As I sorted the piles of things, I thought of how I've been letting too many piles accumulate at home. My desk and other conspicuous places now have stacks of papers and magazines that need to be addressed. My office move makes me want to finally go through these piles at home.
After reviewing Elder Whiting's talk, I'm thinking that I might need to clean up even more personal clutter in my life. In his talk, he shared the story of touring a temple under renovation and observing feedback given on finding grit on a wall and a misaligned piece of glass in an interior leaded-glass window. These observations were given with under the reason that such are "not temple standard."
Later, after the renovations were complete, Elder Whiting toured the temple again and saw that the concerns had, indeed, been addressed, but that both would have been covered by something by design (wallpaper and a potted plant, respectively). Here are the questions that arose in his mind:
Why would walls with a little grit and a window with a little asymmetry require additional work and even replacement when few human hands or eyes would ever know? Why was a contractor held to such high standards?
His answer came upon seeing the familiar inscription on the outside of temples: Holiness to the Lord, the House of the Lord."
As I think of cleaning my office space, my living space, and my personal life, I wonder, "How clean is clean? Am I clean enough, or do I need to do more?" I try to live a temple standard, but I'm sure my life has some grit and a misaligned piece of glass or two.

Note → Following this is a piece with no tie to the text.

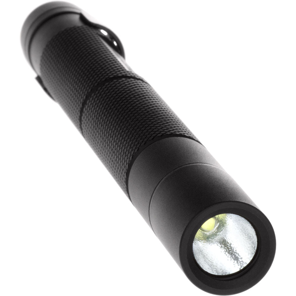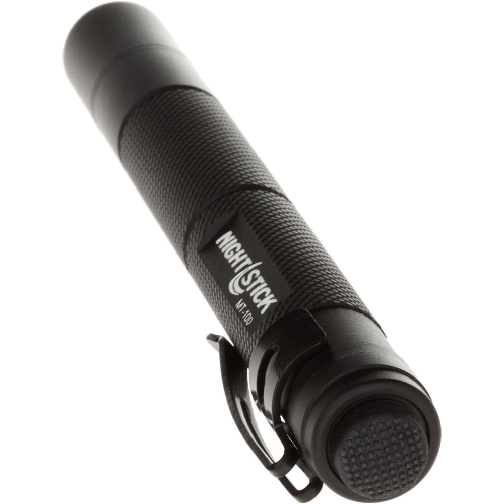 Sleek and lightweight with a single 100-lumen beam, the Nightstick MT-100 Mini-TAC LED Penlight is the perfect EDC illumination tool for inspectors, technicians, first responders, EMTs, mechanics, or tactical professionals. Water and impact resistant, the housing is made of lightweight 6061-T6 aluminum and treated with a Type II hard-anodized abrasion- and corrosion-resistant finish. Complementing the housing's durability is a scratch- and impact-resistant polycarbonate lens that protects the Cree LED. Its momentary and constant-on activation is controlled by a simple tailcap push-button switch. The light is powered by two included AAA batteries and is equipped with a removable pocket clip.

Here is reassuring counsel from Elder Whiting:
Gratefully, the temple standard that we are asked to meet is not that of perfection, although we are striving for it, but rather that we are keeping the commandments and doing our best to live as disciples of Jesus Christ.

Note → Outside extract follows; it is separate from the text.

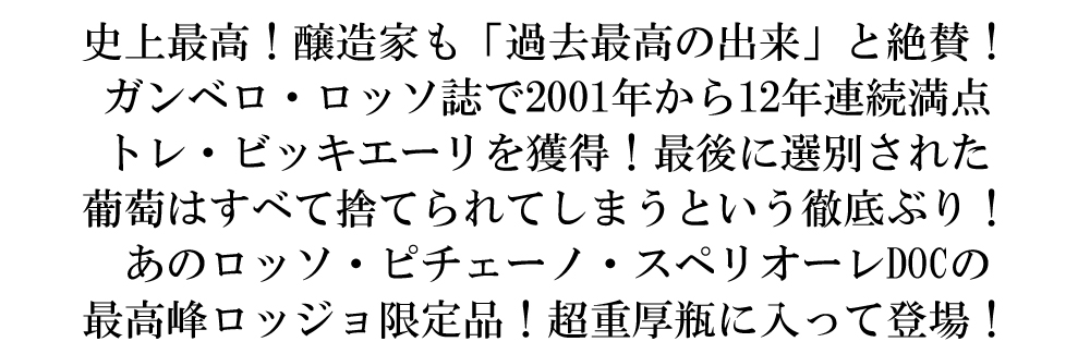 ![]() ヴェレノージは、イタリアのアドリア海沿岸のほぼ中心に位置するマルケ州のアスコッリ ピチェーノ地方でワイン造りを行う、注目を集める生産者です。父の自家用のワイン造りを小さい頃から手伝っていたエルコレが、抑えきれない情熱と共に始めたワイン造りは徐々に拡がり、現在では105haもの葡萄畑となりました。かつては「無口な職人エルコレ」というイメージでしたが、今は20名の若いスタッフが協力して品質向上に努めるチームとなっています。エルコレはテイスティングやワインの総合管理を行い、個々のワインには担当者がいて、全ての決定はスタッフ全員でしています。 ![]() 2002年6月から、トスカーナ出身のトップエノロゴ、アッティリオ・パリをコンサルタントに迎えました。ロバート・パーカー氏は「ワインアドヴォケイト#152」で、アッティリオ・パリの参加について『重要な動き』として言及し、『マルケ南部のリーダー的生産者となりつつあることを確信している。』と書いています。日当たりのよい斜面の畑から注意深くデリケートに栽培された葡萄を、各ワインのタイプにとって、最もアルコール含有量が適当となる糖度の時期に収穫します。また、ワインへの醸造は生産サイクルの重要なプロセスです。畑での作業の結果を十分生かすため、コンピュータ管理された温度コントロールした醸造方法、ソフトでデリケートなダメージをもたらさないプレス、ワインの種類によって様々なサイズや種類のステンレスタンクやオーク樽を使い分ける熟成が、色、味、ブーケ、アフターがパーフェクトなバランスの品質につながります。 ![]() エルコレのワインはすでに国内外で高く評価され、ヒュー・ジョンソン氏の「ポケットワインブック」ではロッソ ピチェーノの最良の生産者として、イタリアワインのガイドとして名高い「ガンベロ ロッソ」でも好評価を得ています。ほとんどのイタリアワインが集う展示会ヴィニタリィの品評会や、その他国内外の品評会でも毎年のように受賞しています。イタリアのプレステージ ブランド「ドルチェ & ガッバーナ」がミラノに開いたリストランテ「ゴールド」にも、ロッジョ・デル・フィラーレとルディがオンリストされています。 | ![]() ■発酵:ステンレスタンクで発酵させます!醸しは約28日間 ■熟成:フランスのメーカー ベルトミューのバリック(新樽も使用)で18ヶ月熟成 ■土壌:石灰岩の混じった粘土質土壌 超人気!イタリア辛口フルボディ赤ワイン愛好家垂涎!ヴェレノージの造るワインの中で最も多くの賞を受賞したフラッグシップワイン!ロッソ・ピチェーノの単一年産100%のフルボディ辛口赤ワイン! ベリー系の果実の複雑で広がりのある上品な芳香、しっとりした果実の深い味わいとエレガントな深みのある力強さを持っています!ボトルデザインは有名なカルドッチの詩から取っています! 長期熟成のあとリリース!ロッソ・ピチェーノの数ランク上の、スペリオーレの中心の畑の名が付けられた、広がりのある上品な芳香! しっとりとした果実の深い味わいとエレガントな深みのある力強さをもつ最高評価の究極フルボディ赤ワインが限定で極少量入荷! |

My wife's family (me included) at the Jordan River Temple in December. |
I would like to say that I'm doing just fine, but I think that this time of office changes and cleaning (and reviewing Elder Whiting's talk) will help me to take a look inside of myself and see if I can get rid of some of the grit from the walls and make sure that all the pieces of my leaded-glass inside are properly aligned, metaphorically speaking, of course.